L-Store is a custom database management system (DBMS) implemented in Python, designed to demonstrate the core principles of modern storage architectures. It supports record versioning, merge/compaction, and transactional updates using a columnar layout. The system was built from the ground up to showcase how real-world databases maintain high performance and consistency under concurrent operations.
- Record versioning for multi-version concurrency control (MVCC)
- Merge and compaction process to reconcile base and tail records
- Transaction support with atomic updates and rollback mechanisms
- Columnar storage layout for efficient reads and analytics
- Indexing for fast record lookup by primary key
- Page-based buffer management to simulate physical storage
- Custom test harness for performance and correctness validation
- Python 3
- NumPy (for columnar storage optimization)
- Custom-built in-memory data structures (no external DB libraries)
- Modular architecture designed for extensibility and experimentation
The system simulates a hybrid storage model inspired by modern analytical databases.
Each table contains:
- Base pages: Immutable records for stable data.
- Tail pages: Append-only structures storing updates.
- Merge process: Periodically consolidates base and tail data to maintain performance and minimize fragmentation.

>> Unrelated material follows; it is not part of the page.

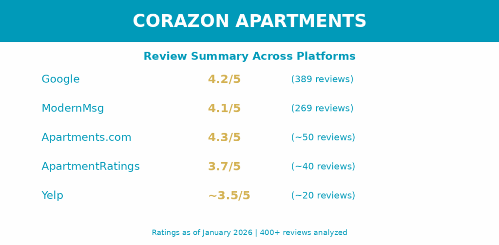 Article updated: January 2026 with reviews analyzed: 400+ across 5 platforms. Pricing and specials change frequently so make sure to verify current rates directly with The Corazon leasing office before applying.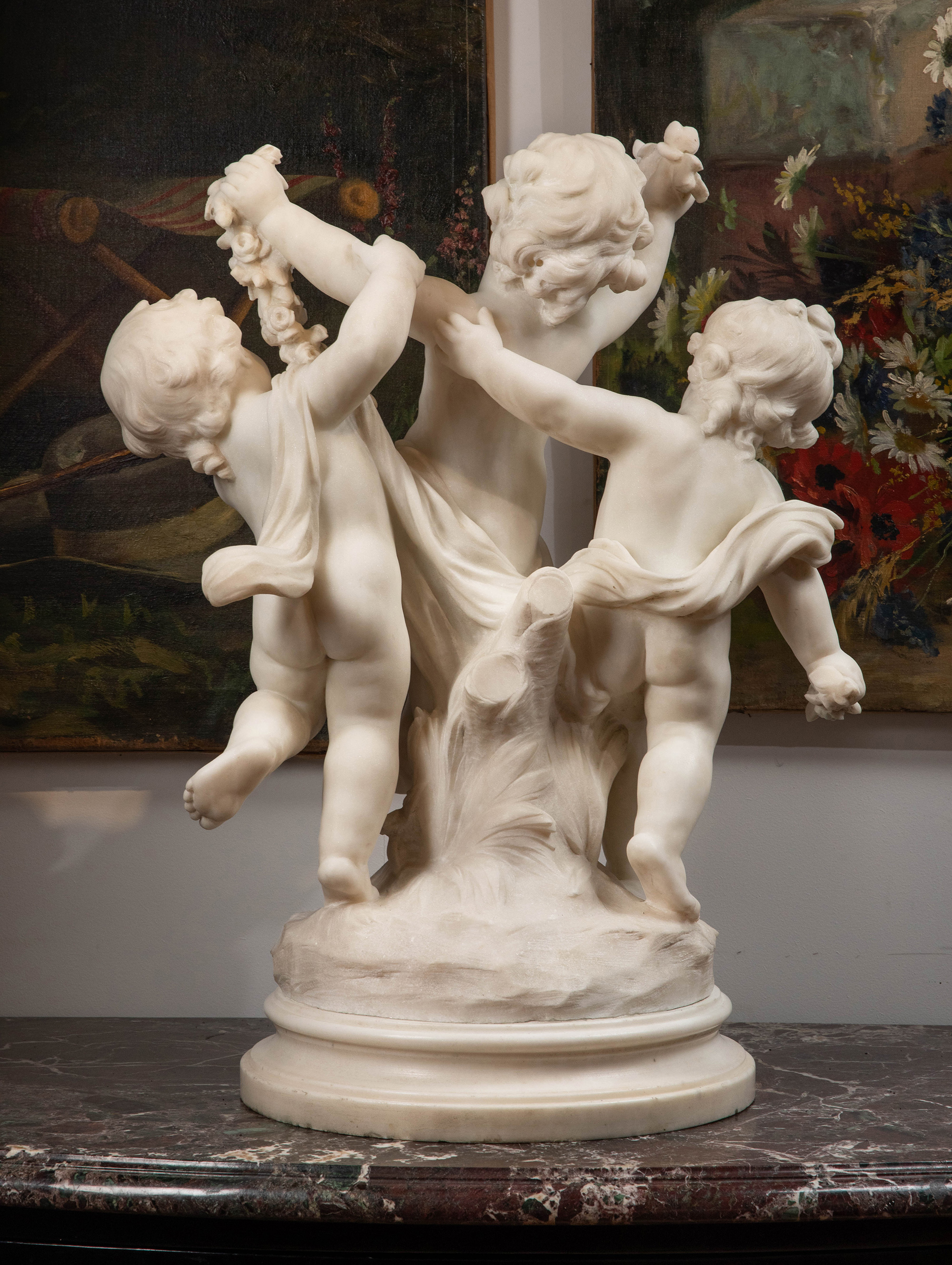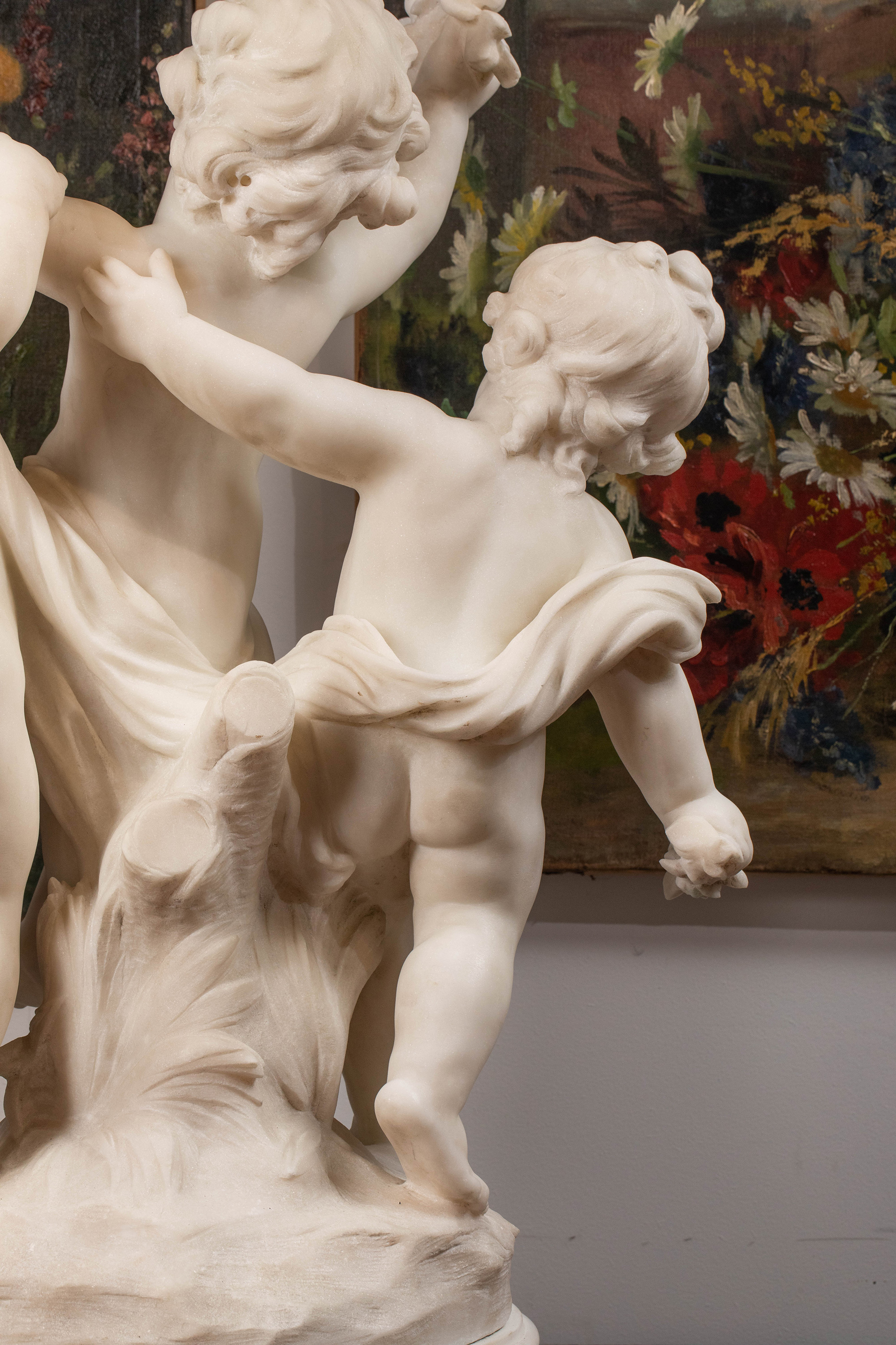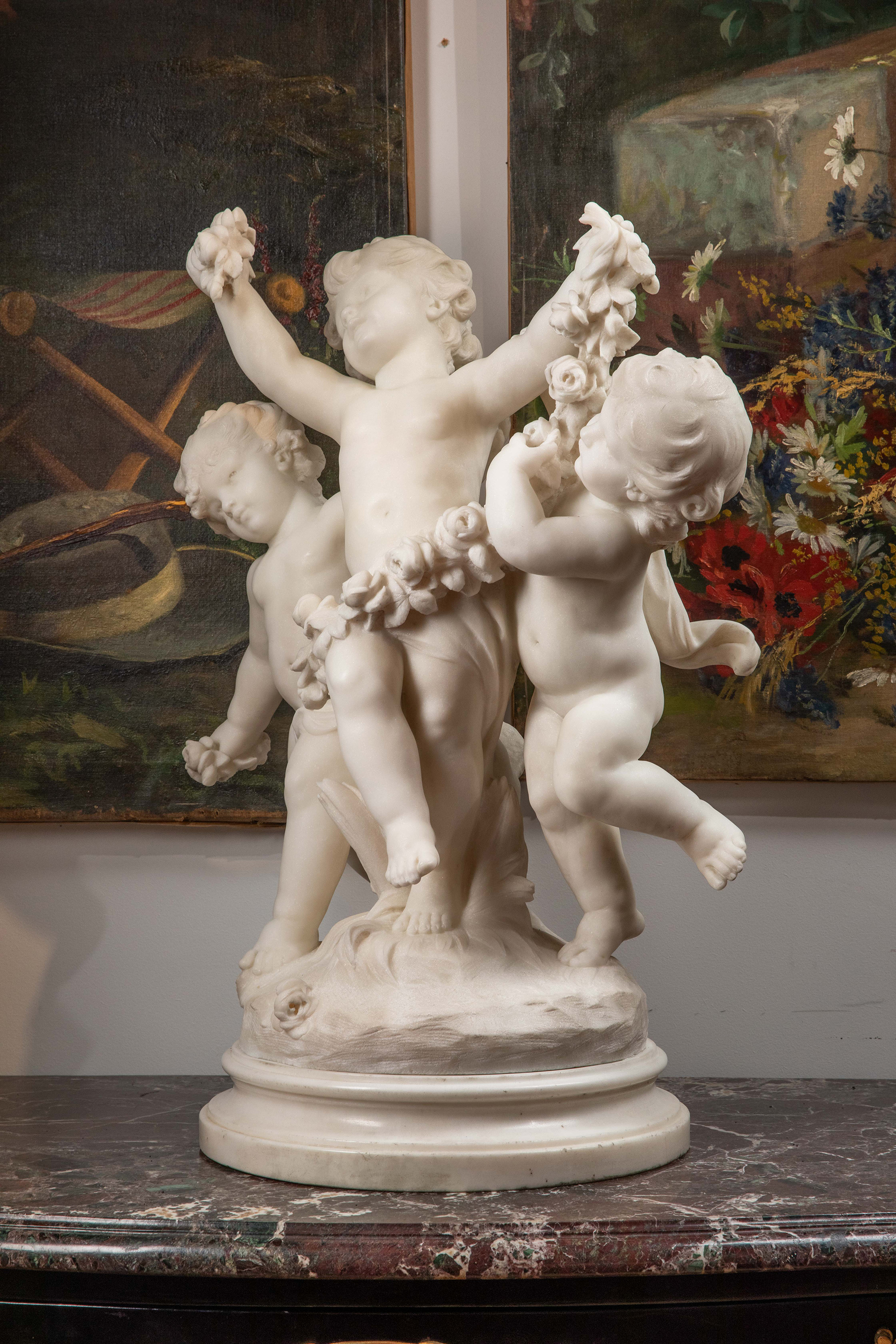 19世纪末20世纪初法国雕塑家Hippolyte Moreau签名创作小天使主题大理石雕塑

Transactions ensure atomic writes and consistency, while versioning enables isolation across concurrent operations.
Before running the system, ensure you have:
- Python 3.8+
- NumPy installed (
pip install numpy)
Optional (for testing):
- pytest for automated correctness checks
-
Clone the repository:
git clone https://github.com/your-username/L-Store-DBMS.git cd L-Store-DBMS -
Install dependencies:
pip install -r requirements.txt
-
Run the test harness:
python3 tester.py
This runs the built-in test suite to verify record insertion, updates, reads, and merges.
You can interact with the system by importing its classes in a Python shell or script.
Example:
from lstore.db import Database
from lstore.table import Table
# Create a new database and table
db = Database()
grades_table = db.create_table('Grades', 5, 0)
# Insert records
grades_table.insert(1, 90, 95, 80, 100, 85)
# Update and read records
grades_table.update(1, 92, None, 85, None, 88)
record = grades_table.select(1, [1, 1, 1, 1, 1, 1])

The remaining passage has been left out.